Exactly the lines from the line that has "天猫十月妈咪孕妇喇叭裤子秋冬穿宽松不勒肚显瘦微喇马蹄西装长裤秋装" through the final line below are to be retyped, and the pictures are not.

- [SUPPLIED MATERIAL]
------------------------------
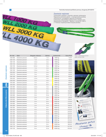 Technika-holownicza/Świat pomocy drogowej 2014/2015 Zawiesia wężowe Załadunek-Mocowanie Zawiesia wężowe Uniwersalne zawiesia o szerokim zakresie użytkowania. Najwyższa niemiecka jakość z impregnowaną powłoką ochronną PU, szczególnie odporną na ścieranie. Ładowności odpowiadają pojedynczemu zawiesiu przy bezpośrednim obciążeniu . Zgodne z normą EN 1492-2, z 7-krotnym współczynnikiem bezpieczeństwa. Długośc robocza Zakres Ładowność 0,5 m 1 m 1000 kg 13.00 Zawiesia pasowe 1 m 2 m 1000 kg 18.00 Zawiesia pasowe 1,5 m 3 m 1000 kg 23.00 530 145 Zawiesia pasowe 2 m 4 m 1000 kg 30.00 530 155 Zawiesia pasowe 2,5 m 5 m 1000 kg 40.00 530 165 Zawiesia pasowe 1 m 2 m 2000 kg 23.00 530 185 Zawiesia pasowe 1,5 m 3 m 2000 kg 35.00 530 205 Zawiesia pasowe 2 m 4 m 2000 kg 44.00 530 215 Zawiesia pasowe 3 m 6 m 2000 kg 62.00 530 195 Zawiesia pasowe 4 m 8 m 2000 kg 80.00 530 225 Zawiesia pasowe 1,5 m 3 m 3000 kg 42.00 530 245 Zawiesia pasowe 2 m 4 m 3000 kg 56.00 530 265 Zawiesia pasowe 3 m 6 m 3000 kg 80.00 530 255 Zawiesia pasowe 4 m 8 m 3000 kg 105.00 530 485 Zawiesia pasowe 1,5 m 3 m 4000 kg 53.00 530 505 Zawiesia pasowe 2 m 4 m 4000 kg 72.00 530 525 Zawiesia pasowe 3 m 6 m 4000 kg 103.00 530 545 Zawiesia pasowe 4 m 8 m 4000 kg 130.00 530 565 Zawiesia pasowe 5 m 10 m 4000 kg 171.00 530 625 Zawiesia pasowe 2 m 4 m 5000 kg 94.00 530 645 Zawiesia pasowe 3 m 6 m 5000 kg 135.00 530 665 Zawiesia pasowe 4 m 8 m 5000 kg 175.00 530 685 Zawiesia pasowe 5 m 10 m 5000 kg 216.00 530 285 Zawiesia pasowe 2 m 4 m 6000 kg 108.00 530 305 Zawiesia pasowe 3 m 6 m 6000 kg 162.00 530 325 Zawiesia pasowe 4 m 8 m 6000 kg 216.00 530 345 Zawiesia pasowe 5 m 10 m 6000 kg 270.00 530 355 Zawiesia pasowe 6 m 12 m 6000 kg 324.00 530 385 Zawiesia pasowe 3 m 6 m 8000 kg 220.00 530 405 Zawiesia pasowe 4 m 8 m 8000 kg 297.00 530 425 Zawiesia pasowe 5 m 10 m 8000 kg 373.00 530 445 Zawiesia pasowe 6 m 12 m 8000 kg 400.00 530 705 Zawiesia pasowe 4 m 8 m 10000 kg 360.00 530 715 Zawiesia pasowe 5 m 10 m 10000 kg 517.00 530 725 Zawiesia pasowe 6 m 12 m 10000 kg 675.00 Nr. kat. Opis 530 095 Zawiesia pasowe 530 105 530 125 Cena PLN Hak z zabezpieczeniem patrz strona 206 ia patrz Akcesor 196 strona 180 sichern-heben_PL-2015.indd 180 25.04.2014 17:11:07 Technika-holownicza/Świat pomocy drogowej 2014/2015 Zawiesia pasowe Duplex Bardzo wytrzymałe zawiesia pasowe wykonane z dwuwarstwoego poliestru zakończone pętlami . Zgodne EN 1492-1. Do podnoszenia, holowania i zabezpieczania solidne i długotrwłe Zalecamy użycie taśm ochronnych przy kontaktach z ostrymi niebezpiecznymi krawedziami. ia patrz Akcesor 196 strona Szerokość Długość Nacisk Ładowność/ U-forma 30 mm 2 m 1 t 2 t Cena PLN 42.00 510 225 Zawiesia pasowe Duplex 30 mm 3 m 1 t 2 t 56.00 510 245 Zawiesia pasowe Duplex 30 mm 4 m 1 t 2 t 67.00 510 255 Zawiesia pasowe Duplex 30 mm 5 m 1 t 2 t 78.00 510 305 Zawiesia pasowe Duplex 60 mm 2 m 2 t 4 t 65.00 510 325 Zawiesia pasowe Duplex 60 mm 3 m 2 t 4 t 83.00 510 345 Zawiesia pasowe Duplex 60 mm 4 m 2 t 4 t 103.00 510 355 Zawiesia pasowe Duplex 60 mm 5 m 2 t 4 t 121.00 510 375 Zawiesia pasowe Duplex 60 mm 6 m 2 t 4 t 144.00 510 385 Zawiesia pasowe Duplex 60 mm 8 m 2 t 4 t 175.00 510 405 Zawiesia pasowe Duplex 90 mm 2 m 3 t 6 t 94.00 510 425 Zawiesia pasowe Duplex 90 mm 3 m 3 t 6 t 121.00 510 445 Zawiesia pasowe Duplex 90 mm 4 m 3 t 6 t 148.00 510 465 Zawiesia pasowe Duplex 90 mm 6 m 3 t 6 t 202.00 510 485 Zawiesia pasowe Duplex 90 mm 8 m 3 t 6 t 238.00 Nr. kat. Opis Długość Nacisk Ładowność/ U-forma 510 505 Zawiesia pasowe Heavy-Duty 120 mm 4 m 4 t 8 t Cena PLN 220.00 510 525 Zawiesia pasowe Heavy-Duty 120 mm 6 m 4 t 8 t 310.00 510 545 Zawiesia pasowe Heavy-Duty 120 mm 8 m 4 t 8 t 400.00 510 565 Zawiesia pasowe Heavy-Duty 120 mm 10 m 4 t 8 t 490.00 510 585 Zawiesia pasowe Heavy-Duty 120 mm 12 m 4 t 8 t 580.00 510 605 Zawiesia pasowe Heavy-Duty 180 mm 6 m 6 t 12 t 625.00 510 625 Zawiesia pasowe Heavy-Duty 180 mm 8 m 6 t 12 t 742.00 510 645 Zawiesia pasowe Heavy-Duty 180 mm 10 m 6 t 12 t 940.00 510 665 Zawiesia pasowe Heavy-Duty 180 mm 12 m 6 t 12 t 1120.00 510 695 Zawiesia pasowe Heavy-Duty 240 mm 4 m 8 t 16 t 535.00 510 705 Zawiesia pasowe Heavy-Duty 240 mm 6 m 8 t 16 t 670.00 510 725 Zawiesia pasowe Heavy-Duty 240 mm 8 m 8 t 16 t 850.00 510 745 Zawiesia pasowe Heavy-Duty 240 mm 10 m 8 t 16 t 985.00 510 765 Zawiesia pasowe Heavy-Duty 240 mm 12 m 8 t 16 t 1165.00 510 815 Zawiesia pasowe Heavy-Duty 300 mm 6 m 10 t 20 t 850.00 510 835 Zawiesia pasowe Heavy-Duty 300 mm 8 m 10 t 20 t 940.00 510 855 Zawiesia pasowe Heavy-Duty 300 mm 10 m 10 t 20 t 1075.00 510 875 Zawiesia pasowe Heavy-Duty 300 mm 12 m 10 t 20 t 1255.00 510 895 Zawiesia pasowe Heavy-Duty 300 mm 14 m 10 t 20 t 1435.00 Zawiesia pasowe Opis Zawiesia pasowe Duplex Załadunek-Mocowanie Nr. kat. 510 205 181 sichern-heben_PL-2015.indd 181 15.04.2014 09:20:34 Technika-holownicza/Świat pomocy drogowej 2014/2015 Specjalne zawiesia pasowe Do sprawnego podnoszenia za spód pojazdów, zawiesie z regulacją długości, dzięki swojej szerokości umożliwia równomierny rozkład obciążeń, należy jednak pamiętać że progi niektórych pojazdów są wrażliwe na nacisk. Regulowana długość od 4,20 m do 5,10 m. Nr. kat. Opis 500 065 Specjalne zawiesie pasowe (1 szt) Szerokość Długość Ładowność EN 300 mm 4,2 - 5,1 m 2500 kg U-Form 1492-1 Zawiesia pasowe 486.00 Zawiesia pasowe z szeklą z pętlami Załadunek-Mocowanie Cena PLN Ze stalowymi,wzmacnianymi szeklami do sprawnego podnoszenia uszkodzonych pojazdów za dach. Zgodne z normą EN 1492-1. Przy silnie uszkodzonych pojazdach z wieloma ostrymi krawędziami zalecamy stosowanie taśm ochronnych. ze stalowymi ogniwami Nr. kat. Opis Wersja Szerokość Długość Ładowność Cena PLN 500 105 Pas transportowy z pętlami 200 mm 3,6 m do 2500 kg 310.00 500 115 Pas transportowy (do trawersy) z pętlami 200 mm 2,5 m do 2500 kg 288.00 500 035 Pas transportowy dwuwarstwowy ze stalowymi ogniwami 80 mm 3,6 
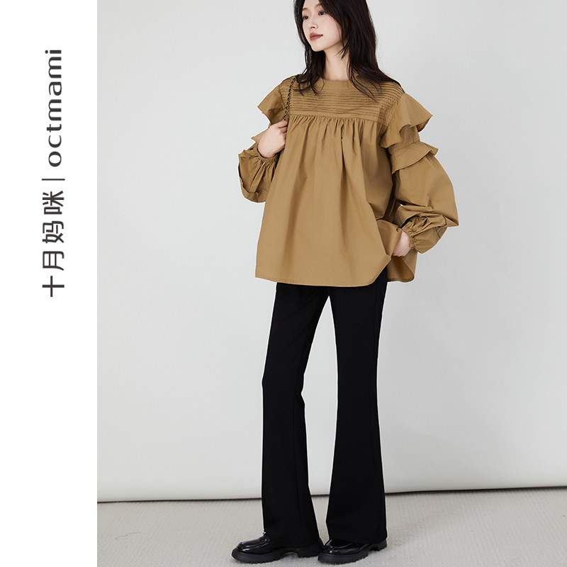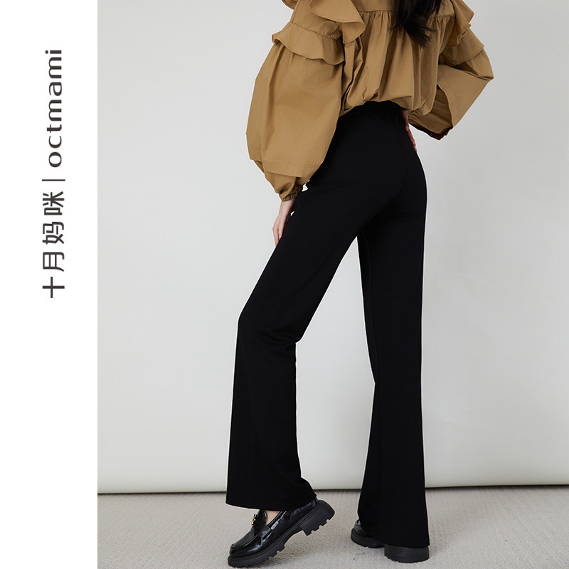 天猫十月妈咪孕妇喇叭裤子秋冬穿宽松不勒肚显瘦微喇马蹄西装长裤秋装
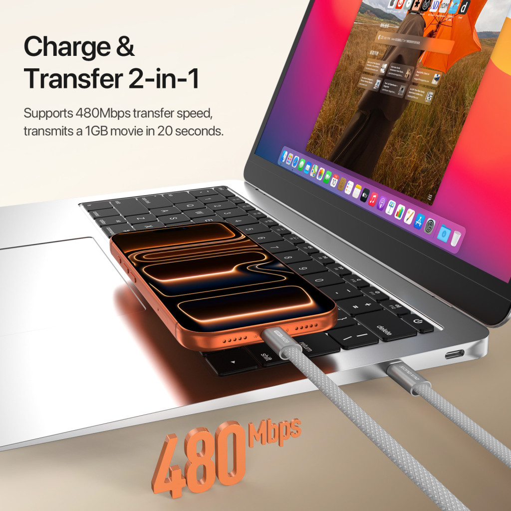A strapabíró, sűrű szövésű nylon fonott külső borítás ellenáll a mindennapi igénybevételnek, a hajlításnak és a kopásnak. A megerősített csatlakozók stabil kapcsolatot biztosítanak és csökkentik a törés kockázatát. A kábel nemcsak töltésre, hanem adatátvitelre is alkalmas, így egyetlen kiegészítővel megoldható a szinkronizálás és az energiaellátás.
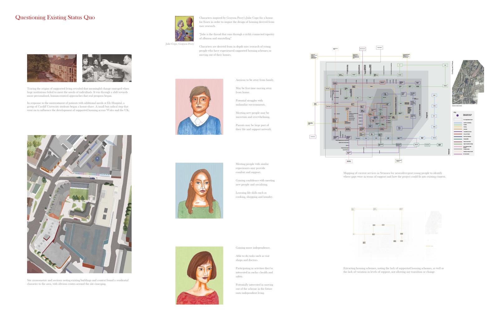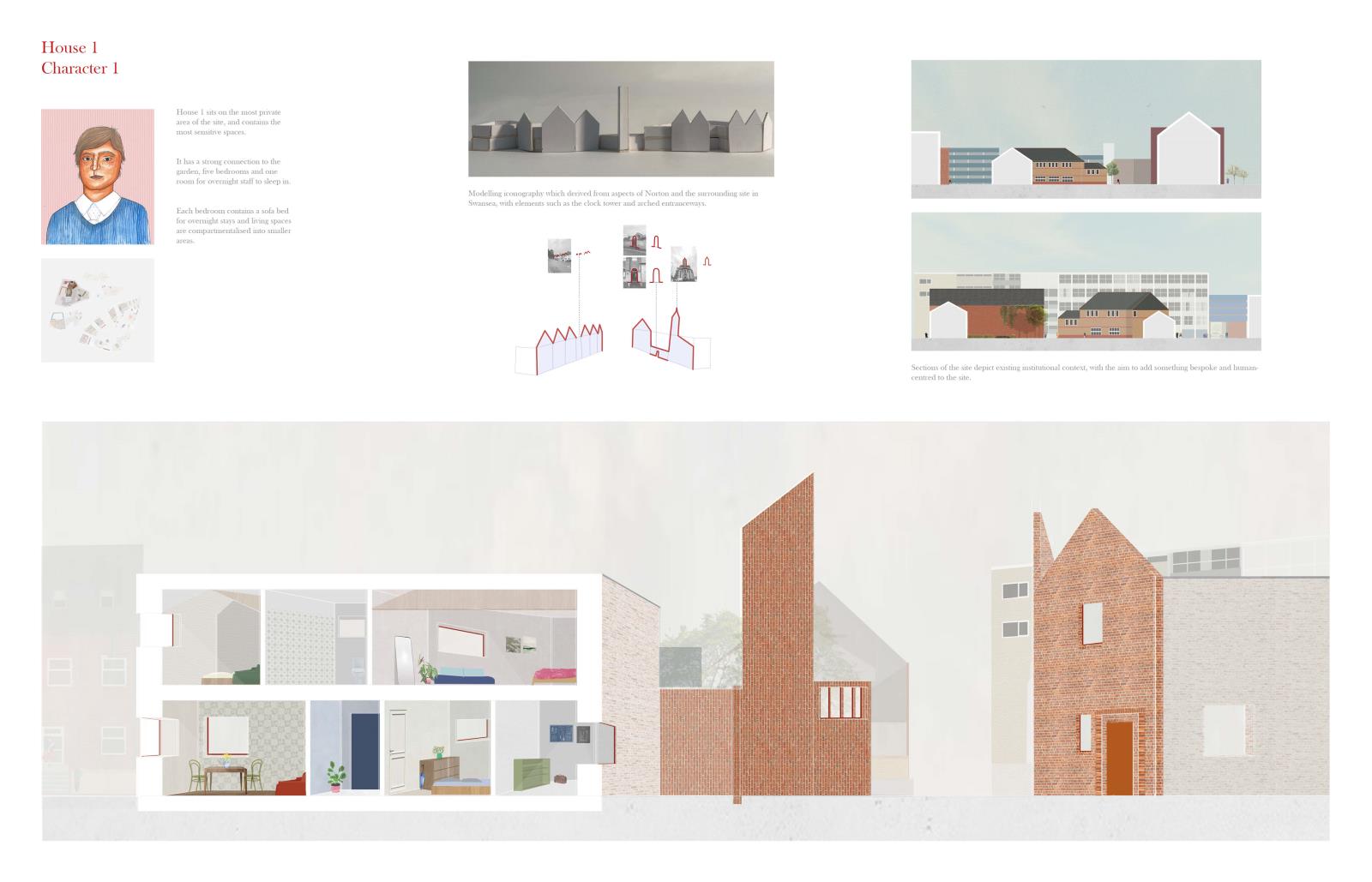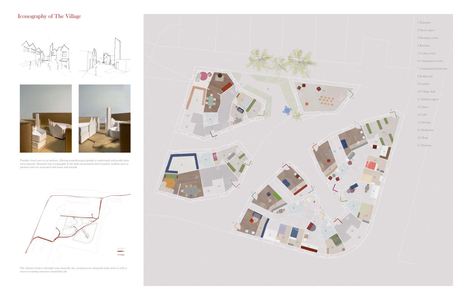 The project acts as a village of support, centring the young person and drawing on neighbourhood-inspired spatial organisations from Kinderspital by Herzog & de Meuron. Fictional characters, shaped by the individuality of neurodivergent people, drive spatial and social designs, creating a network of homes and services where young people can develop skills and independence in a supported environment.
------------------------------
- [FINISHED EXERCISE]
 天猫十月妈咪孕妇喇叭裤子秋冬穿宽松不勒肚显瘦微喇马蹄西装长裤秋装
A strapabíró, sűrű szövésű nylon fonott külső borítás ellenáll a mindennapi igénybevételnek, a hajlításnak és a kopásnak. A megerősített csatlakozók stabil kapcsolatot biztosítanak és csökkentik a törés kockázatát. A kábel nemcsak töltésre, hanem adatátvitelre is alkalmas, így egyetlen kiegészítővel megoldható a szinkronizálás és az energiaellátás.
 The project acts as a village of support, centring the young person and drawing on neighbourhood-inspired spatial organisations from Kinderspital by Herzog & de Meuron. Fictional characters, shaped by the individuality of neurodivergent people, drive spatial and social designs, creating a network of homes and services where young people can develop skills and independence in a supported environment.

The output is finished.